EXERCISE INSTRUCTIONS: Print the entries below exactly as they appear, from the first line up to and including the line with "1976年7月28日,強烈地". Do not print any pictures.

________________________________________

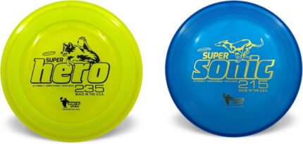 Superhero 235 and Super Sonic 215 K9 Candy Plastic Dog Frisbee, Outdoor Dog Toy and Pet Frisbee, Puncture Resistant Dog Flying Disc Pack of 2
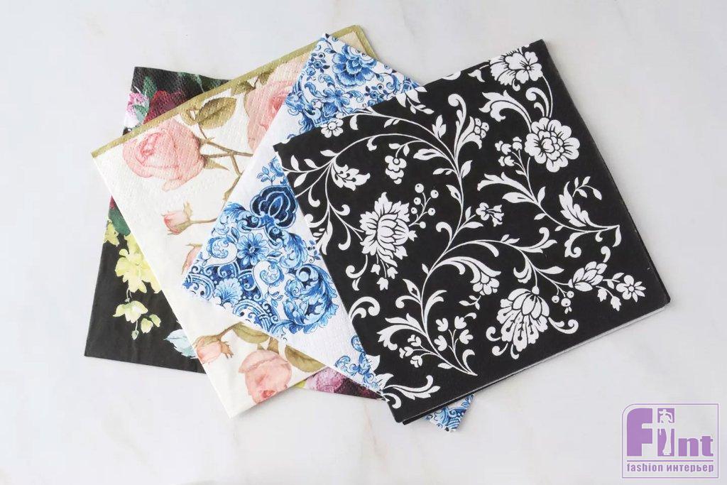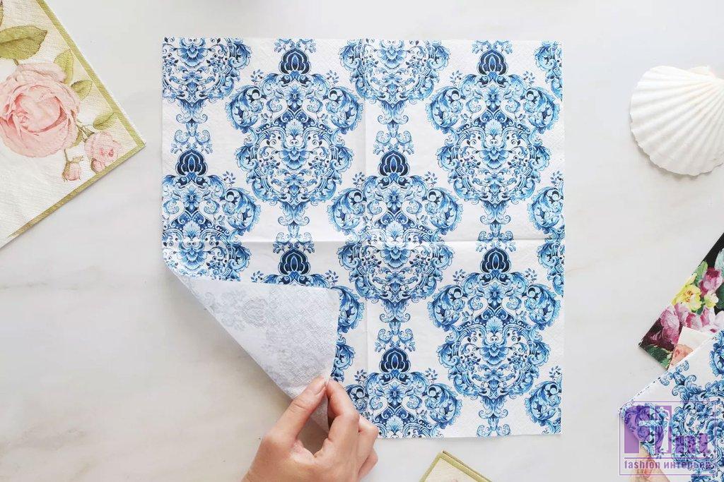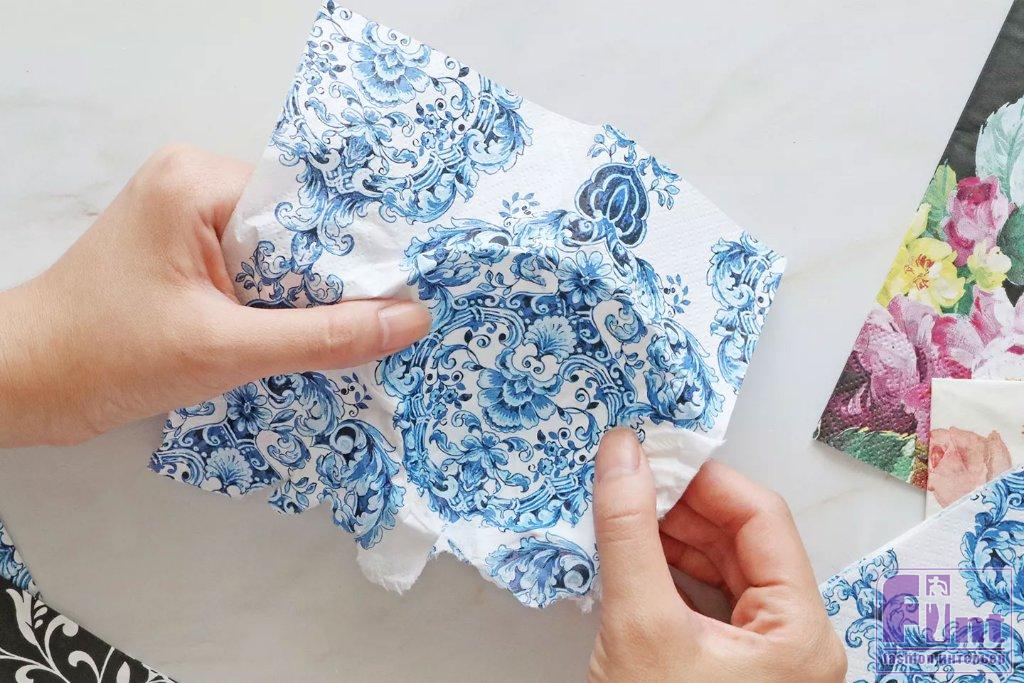 Чтобы приготовить салфетку, полностью разверните её, чтобы получился один большой квадратный лист. Если к обратной стороне прикреплен белый слой, разделите салфетку по слоям. Для сегодняшнего мастер-класса вам понадобится только самый верхний слой с нанесённым изображением. Самые обычные бумажные салфетки идеально подходят для декупажа, потому что они тонкие и с ними легко работать. Но также вы можете использовать и специальные салфетки для декупажа, которые вы без труда найдёте в любом магазине товаров для рукоделия.
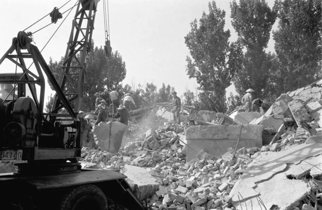 1976年7月28日,強烈地震中,唐山礦業(yè)學(xué)院宿舍樓被震毀。新華社記者官天一攝
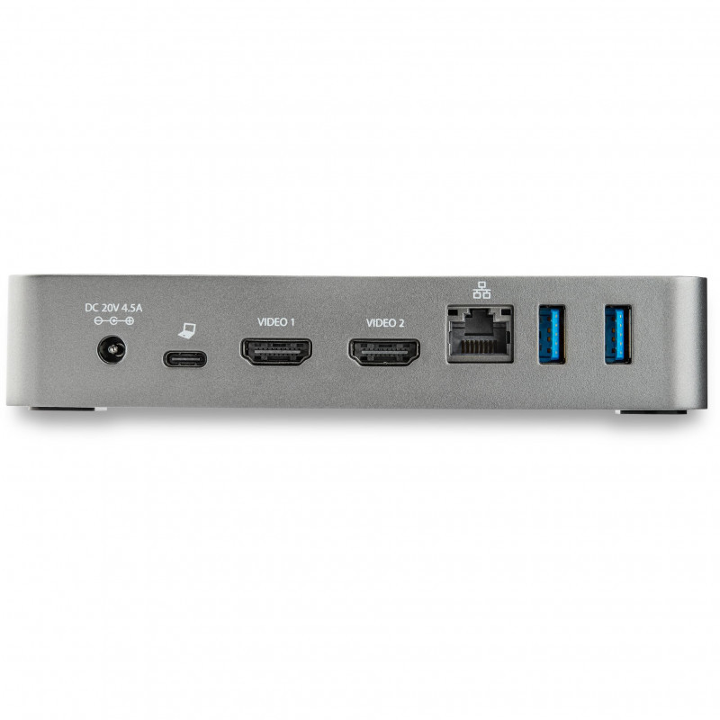 "StarTech.com USB-C Dock - Dual Monitor 1080p HDMI Laptop Docking Station - 65W Power Delivery - 1x USB-C, 3x USB-A, Ethernet - Dual Video Display USB 3.1 Gen 1 Type-C Dock - Mac & Windows. Connectivity technology: Wired, Host interface: USB 3.2 Gen 1 (3.1 Gen 1) Type-C, USB Power Delivery up to: 60 W. Ethernet LAN data rates: 10,100,1000 Mbit/s. Product colour: Black, Silver, Data transfer rate: 5 Gbit/s, HD type: Full HD. AC input voltage: 100 - 240 V, Input current: 1.5 A, Output voltage: 20 V. Windows operating systems supported: Windows 10, Windows 10 Education, Windows 10 Education x64, Windows 10 Enterprise, Windows 10..., Mac operating systems supported: Mac OS X 10.15 Catalina, Mac OS X 11.0 Big Sur, Mac OS X 12.0 Monterey, Mac OS X 13.0 Ventura, Linux operating systems supported: Ubuntu 18.04 LTS, Ubuntu 20.04 LTS"\n"USB 3.1 Gen 1 Type-C Docking Station| Mac & Windows® | 3x USB-A | 1x USB-C | GbE | Mountable | 65W PD
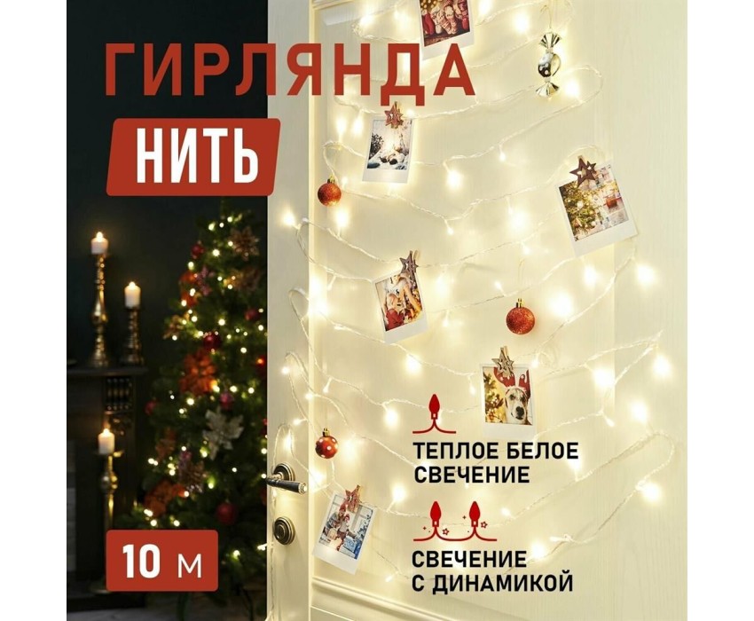 Гирлянда NEON-NIGHT (303-186) ГИРЛЯНДА ТВИНКЛ ЛАЙТ 10 М, ПР-Й ПВХ, 80 LED, ТЕПЛЫЙ БЕЛЫЙ

________________________________________

OUTPUT:
 Superhero 235 and Super Sonic 215 K9 Candy Plastic Dog Frisbee, Outdoor Dog Toy and Pet Frisbee, Puncture Resistant Dog Flying Disc Pack of 2
 Чтобы приготовить салфетку, полностью разверните её, чтобы получился один большой квадратный лист. Если к обратной стороне прикреплен белый слой, разделите салфетку по слоям. Для сегодняшнего мастер-класса вам понадобится только самый верхний слой с нанесённым изображением. Самые обычные бумажные салфетки идеально подходят для декупажа, потому что они тонкие и с ними легко работать. Но также вы можете использовать и специальные салфетки для декупажа, которые вы без труда найдёте в любом магазине товаров для рукоделия.
 1976年7月28日,強烈地震中,唐山礦業(yè)學(xué)院宿舍樓被震毀。新華社記者官天一攝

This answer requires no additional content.